To which Il-han again after a long silence could only answer with deep sighs and few words.

“Tonight I must rest,” he said.

“But tomorrow?” the tutor insisted.

“Tomorrow I will think,” Il-han promised.

The tutor rose then and bowed and went away, and suddenly Il-han was so weary that he could only look at Sunia, begging for her help.

“You need not speak a word,” she said. “Your bath is hot, your supper is waiting and then you must sleep.”

He rose. “You who understand—” He felt her hand slip into his and hand in hand they went toward the rooms she had prepared for their life.

“What shall I call you?” he asked the tutor.

It was noon of the next day when he summoned the man to come to him alone. He had not yet seen his sons, and he had told Sunia that he would not until he had spoken again with the tutor. His older son was old enough to have been shaped by his tutor beyond knowledge, and he must know not only what the tutor had to say further but also what he was. It seemed to him, after his sleepless night, that all his years until now had been meaningless. He had lived at the beck of the Queen and the call of the King, conceiving this to be his duty. Even his long journeys into his own country and then into the foreign countries had been in service of the truebone royal house, rather than for the sake of the people. Was it indeed true that people and rulers must be separate? When he served one, must it mean that he did not serve the other?

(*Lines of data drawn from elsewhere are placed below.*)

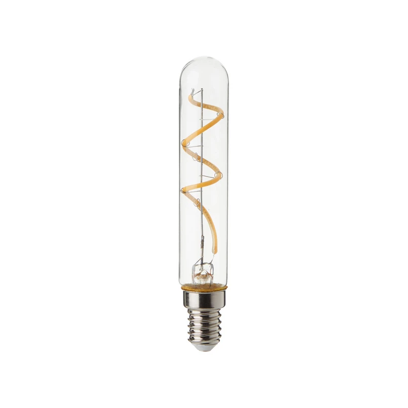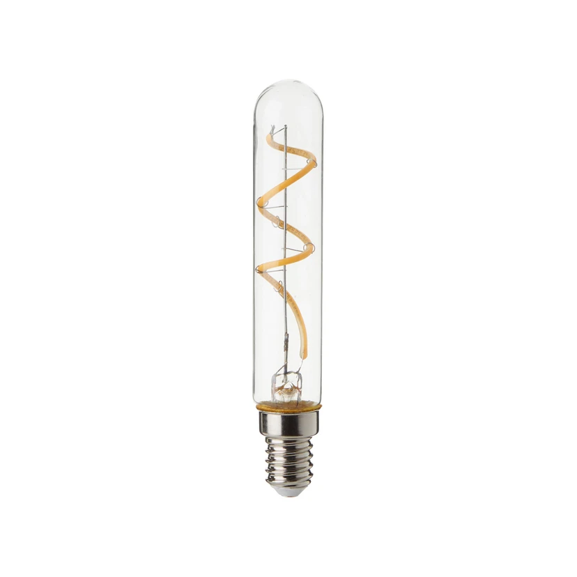 Żarówka rurkowa LED E14, 3,7 W, barwa światła ciepła biel Ta żarówka rurkowa LED urzeka widocznymi przez przezroczyste szkło żarnikami, które zapewniają nastrojowe światło o barwie ciepłej bieli - piękna forma rurki z widocznymi żarnikami - barwa światła ciepła biel (3000 kelwinów)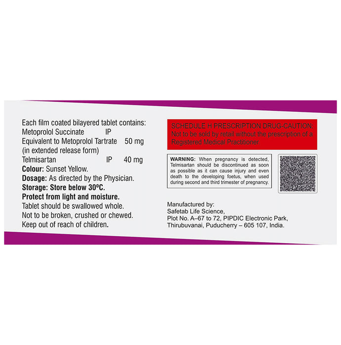 Composition : Telmisartan (40mg) + Metoprolol Succinate (50mg)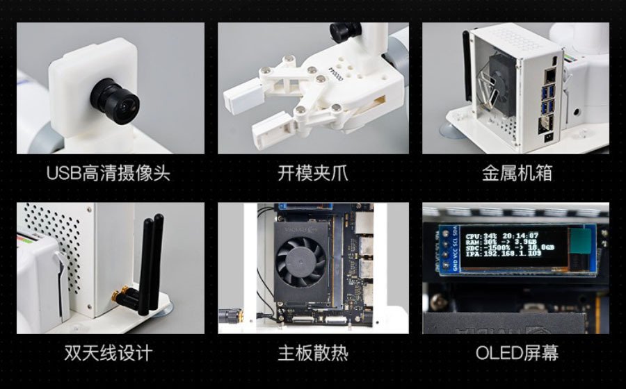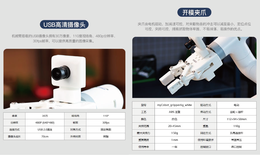 配備0.3MP USB鏡頭,視野110 ° 。結合OpenCV影像處理、機器視覺和深度學習演算法,JetCobot可以實現色彩互動、人臉追蹤、標籤辨識、模型訓練和手勢互動等功能。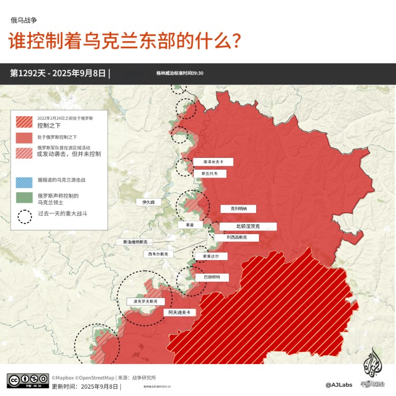 華盛頓智庫戰爭研究所稱,俄羅斯8月份在整個前線的進攻面積估計為499平方公里(190平方英里),但其損失與普京最近在北京聲稱的所有駐烏克蘭俄羅斯軍隊「均以不同的速度順利推進」的說法相矛盾。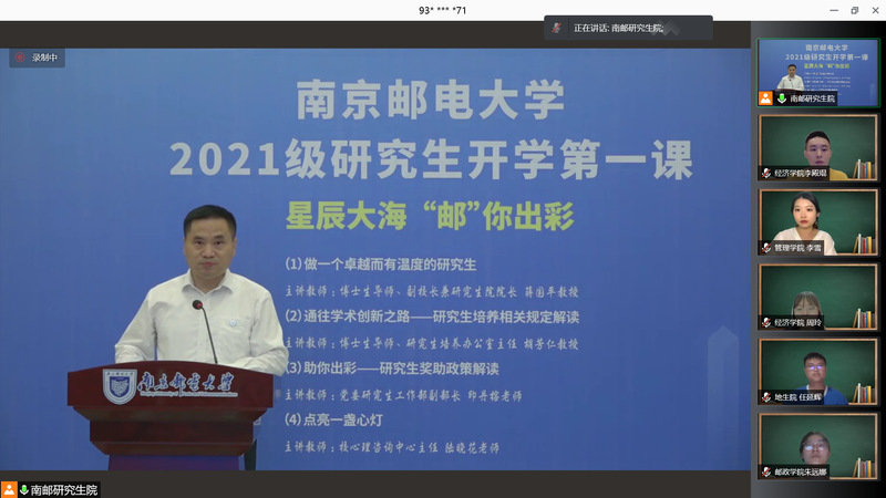 9月12日,我校组织近2800名2021级研究生新生同上开学第一课。今年的开学第一课以“星辰大海‘邮’你出彩”为主题,分四个专题,以线上方式进行。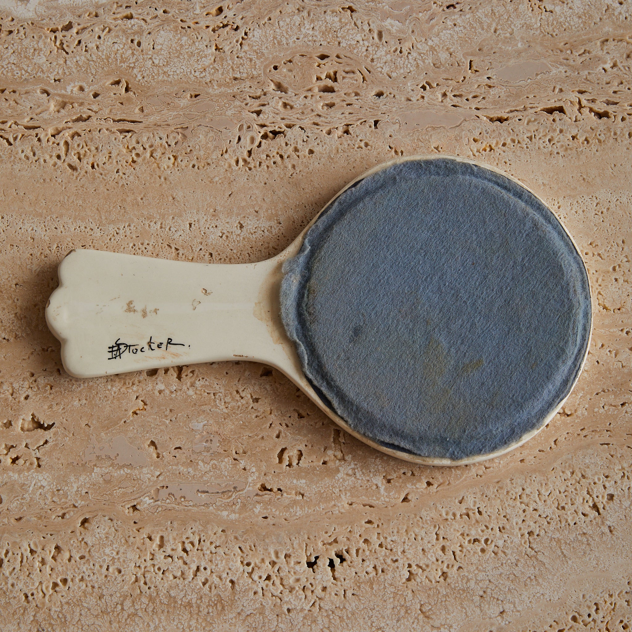 French Round Ceramic Hand Mirror with Floral Motifs, 1960s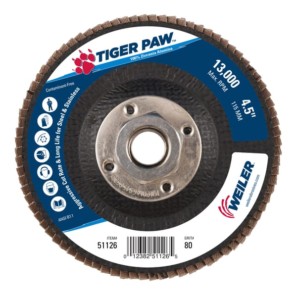 Weiler AbrasivesTiger Paw 51126 High Density High Performance Coated Abrasive Flap Disc, 4-1/2 in Dia Disc, 80 Grit, Medium Grade, Zirconia Alumina Abrasive, Type 29/Angled Disc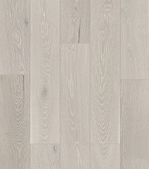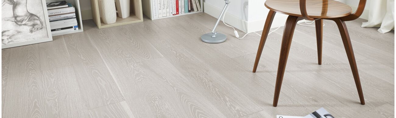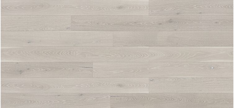 A double-dyed oak floor. The floorboard is further refined by white brushing and 4-sided micro bevelling. Coated with matte lacquer. Available in plain and 3-strip versions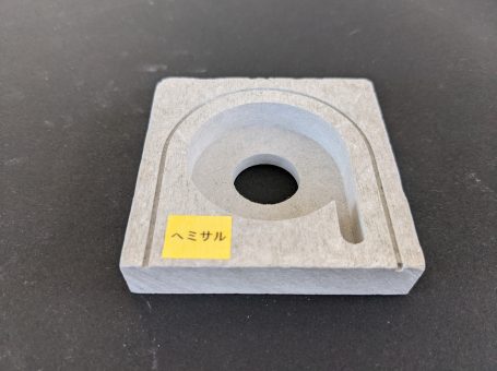 写真の製品はヘミサル15をマシニングセンターで切削加工したもので、電気炉用断熱材として使用されます。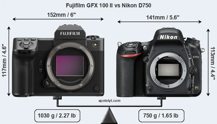 | Body Specs | Fujifilm GFX 100 II | Nikon D750 |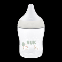 Kojenecká láhev NUK Perfect Match s kontrolou teploty a měkkou silikonovou savičkou. Speciální tvar typický pro savičky NUK s ortodontickou antikolikovou savičkou je modelován podle mateřské bradavky při kojení. Ponechává dostatek prostoru pro přirozené sací pohyby jazyka i čelisti. Velká, široká opora rtů při pití připomíná matčinu pokožku. Lahvička je navržena tak, aby miminko nepřišlo do kontaktu s pevnými plastovými částmi. Vylepšený systém proti polykání vzduchu při pití Anti Colic Air System zajišťuje přirozený tok mléka, aby dítě pilo uvolněně bez polykání vzduchu. Hladce se zužující tvar s antikolikovou funkcí pro plynulý a nerušený průtok pití, velikost S (od narození, pro mateřské mléko, čaj nebo vodu). Kojenecké láhve jsou nyní vybaveny novou NUK kontrolkou teploty a pomáhají tak zabránit tomu, aby vaše dítě pilo příliš horký příkrm. Kontrolka vypadá jako teploměr, je umístěna mezi ryskami a teplota obsahu láhve změní její barvu. Pokud je příkrm příliš horký, modrá kontrolka se změní na bílou. V ideálním případě by měl příkrm mít tělesnou teplotu (37 °C), což odpovídá modrému zabarvení displeje. Vyrobena z vysoce kvalitního nerozbitného plastu polypropylenu a neobsahuje BPA (Bisfenol A). Obsah láhve 150 ml. Vhodná pro děti od narození, S (malý otvor = pro mateřské mléko, vodu, čaj). Klinicky testováno.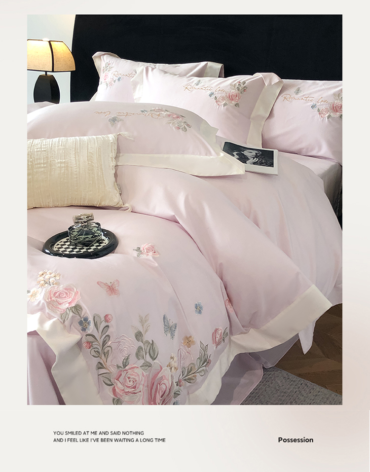 (总)春夏新款50*50S贡缎长绒棉刺绣四件套高档礼盒纯棉床单床笠,白拼粉-花漾-贡缎长绒棉,香芋紫-花漾-贡缎长绒棉,蒂芙尼蓝-花漾-贡缎长绒棉,桃花粉-花漾-贡缎长绒棉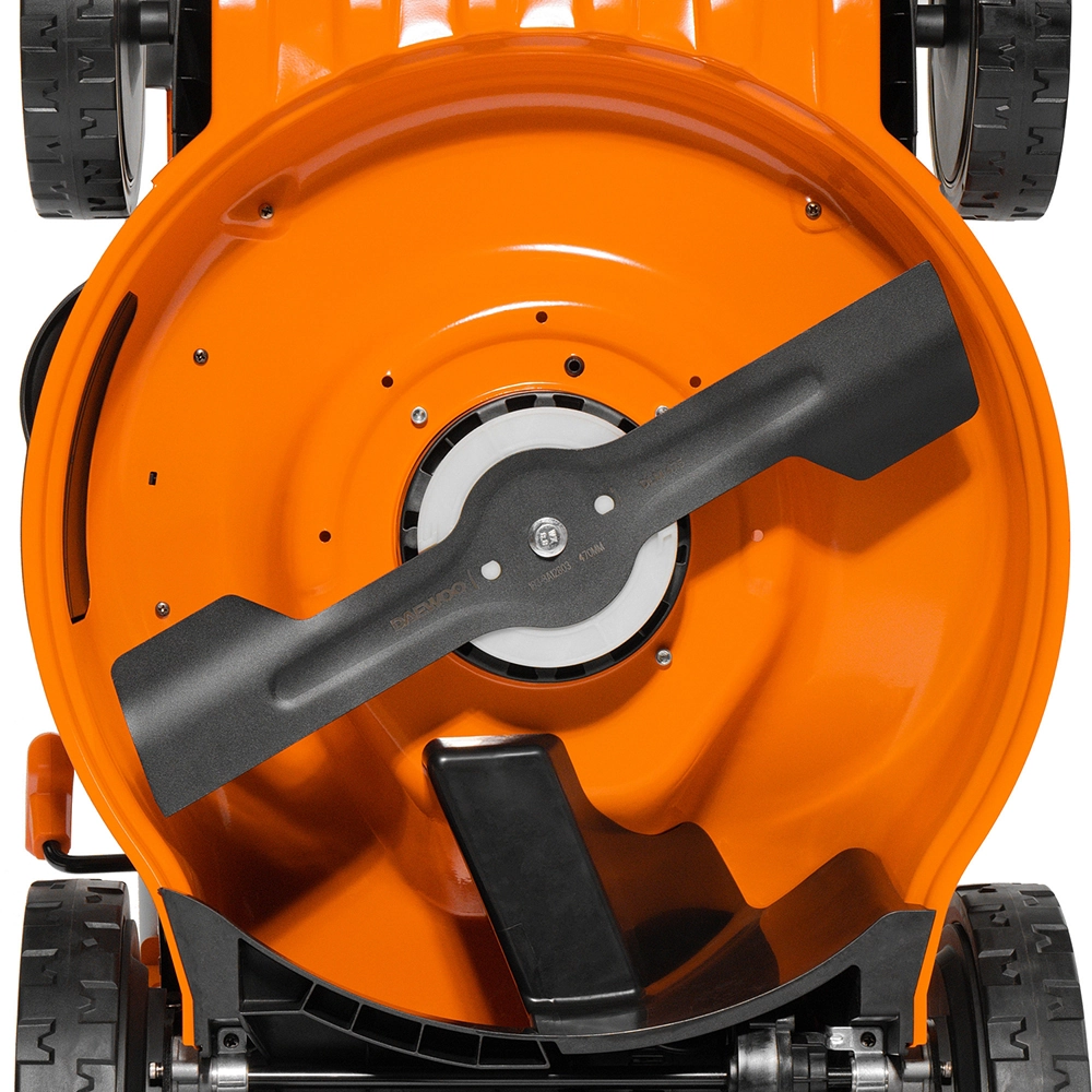 Колеса на подшипниках. Колеса установлены на подшипниках, что обеспечивает плавное движение газонокосилки и увеличивает ресурс. Закрытая внутренняя часть колес предотвращает попадание травы и грязи внутрь механизма колеса, сохраняя чистоту и работоспособность узлов.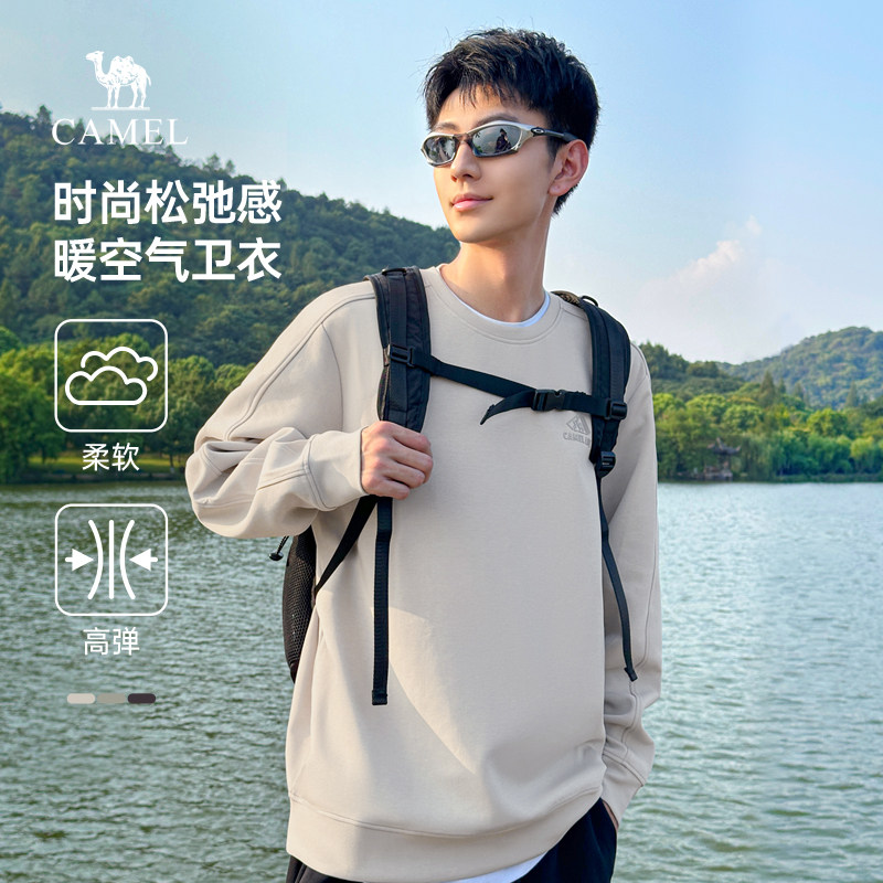 骆驼男装情侣卫衣男秋冬季2025款宽松套头美式重磅长袖上衣男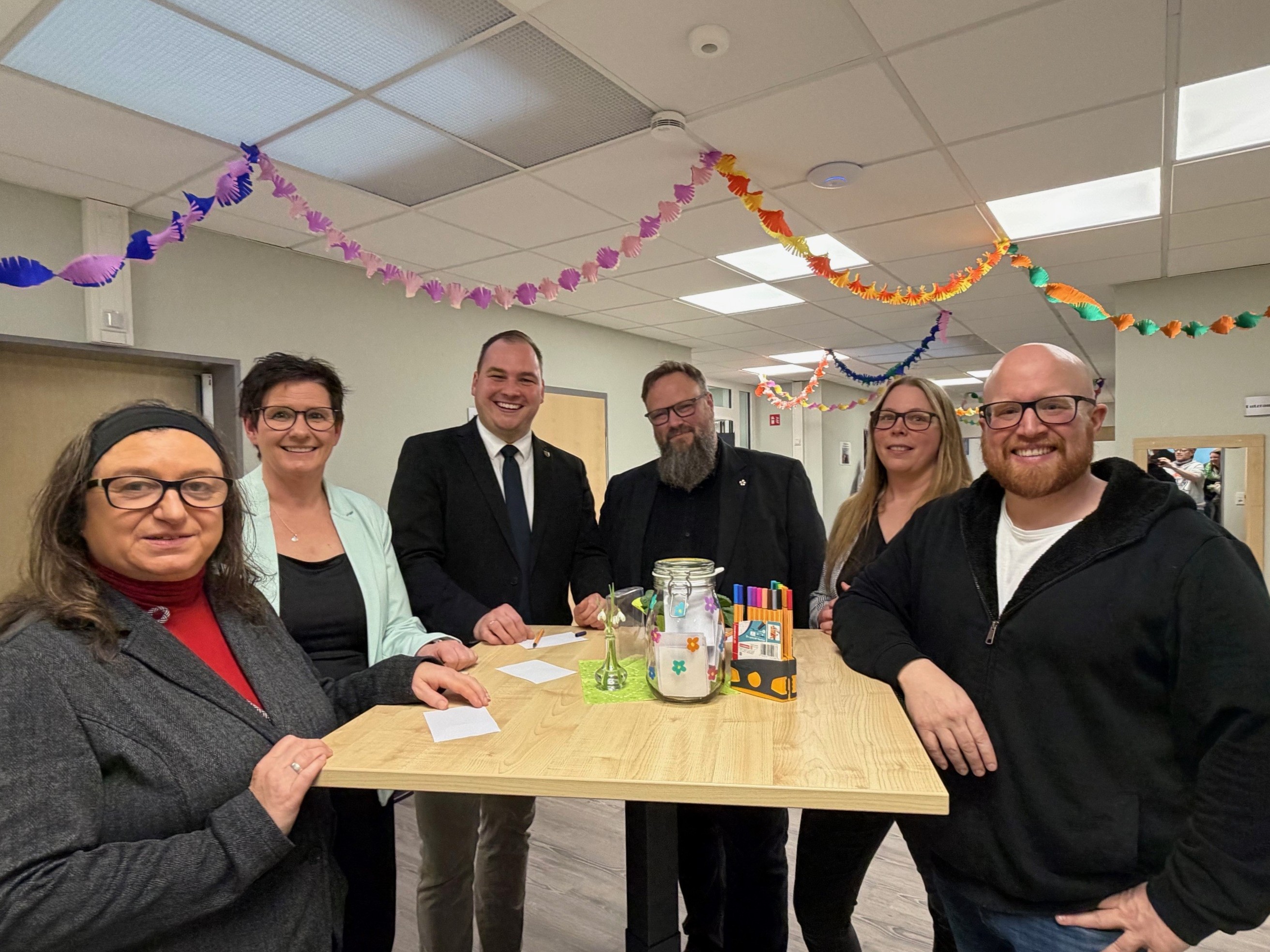 Bild: Ende Februar wurde die neue Kita-Außenstelle Adlerstraße des Kinderhauses Kunterbunt im Beisein der Projektbeteiligten feierlich eingeweiht. Über den schnellen Umbau freuen sich v. l. Petra Georg (Stadtverwaltung), Dagmar Kettner-Siebert (Kita-Leitung Kinderhaus Kunterbunt), Bürgermeister Lukas Winkler, Pfarrer Martin Slenczka , Marion Bäcker (stellv. Kita-Leitung Kita-Außenstelle Adlerstraße), und Peter Kessler (Stellv. Kita-Leitung Kinderhauses Kunterbunt).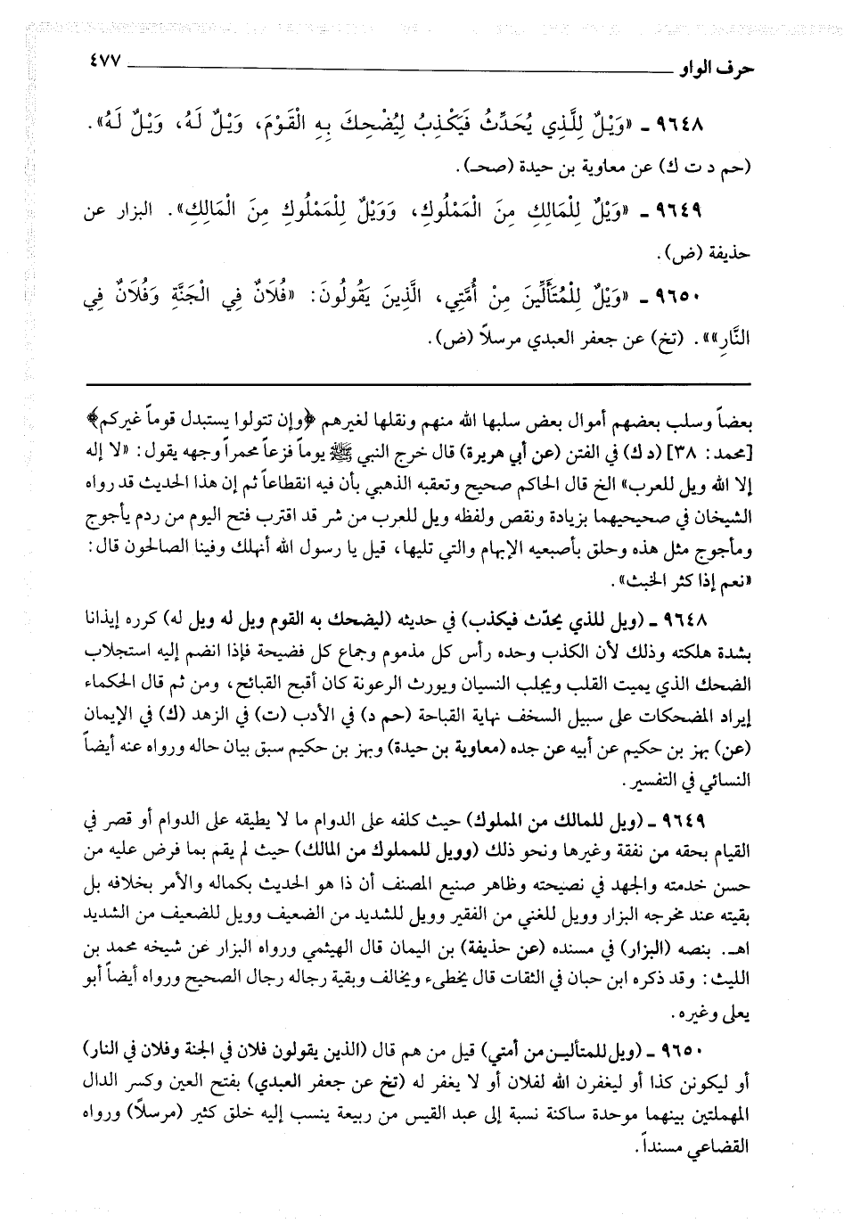 9648 - (ويل للذي يحدث فيكذب) في حديثه (ليضحك به القوم ويل له ويل له) كرره إيذانا بشدة هلكته وذلك لأن الكذب وحده رأس كل مذموم وجماع كل فضيحة فإذا انضم إليه استجلاب الضحك الذي يميت القلب ويجلب النسيان ويورث الرعونة كان أقبح القبائح ، ومن ثم قال الحكماء : إيراد المضحكات على سبيل السخف نهاية القباحة (حم د) في الأدب (ت) في الزهد (ك) في الإيمان (عن) بهز بن حكيم عن أبيه عن جده (معاوية بن حيدة) وبهز بن حكيم سبق بيان حاله ورواه عنه أيضا النسائي في التفسير.

“I can no longer think of you as my son’s tutor,” Il-han said when the tutor came again into his presence. “You are someone I do not know. Your surname is Choi but what is your name?”

“Sung-ho,” the man replied. He smiled half ruefully. “I wish I could call myself after the great Ta-san of the past, but I am not worthy. I must continue merely to use the name my father raised for me when I went to school.”

“Perhaps you will make a great name of it,” Il-han said.

Sung-ho only smiled again.

“I have a question to ask,” Il-han went on.

“Ask what you will,” Sung-ho replied.

Il-han saw how confident the man was, how bright his look, how straight his carriage. He sat on his cushion without diffidence, eager and ready.

“Is it you who have shaped my elder son so that he prefers to live here in the country under this grass roof rather than in the city?”

“Inevitably I have shaped him,” Sung-ho replied. “At first it was only that the city was hot in summer while here it is always cool. But as I shaped him, I shaped myself. Had I not spent summers here with your father under this grass roof I might never have come to know the landfolk.”

“Are the people on my land Tonghak?” Il-han asked.

“They are,” Sung-ho replied. “At least all who are young.”

Il-han smiled wryly. “Does this mean that you will all rise up in the middle of some night and behead me?”

“No,” Sung-ho said sturdily. “It means that we look to you to speak for us.”

Il-han was somewhat confounded at this. Was he then in duress? He poured two bowls of tea, so that he could have time to think, and he handed one to Sung-ho, but not with both hands as he would to an equal. To his surprise, Sung-ho also took the bowl with one hand, and not with both hands as he must from his superior.

Il-han went on. “Tonghak is a dumping pot for all sorts of rascals and rebels, debtors who will not pay their debts, thieves who will not pay their taxes.”

Sung-ho did not yield one whit. “You know very well how common people insist upon tricks and conjurings from those whom they love and admire, and who they think can protect them, and is it just to demand that every Tonghak be free from corruption when the yangban themselves are corrupt?”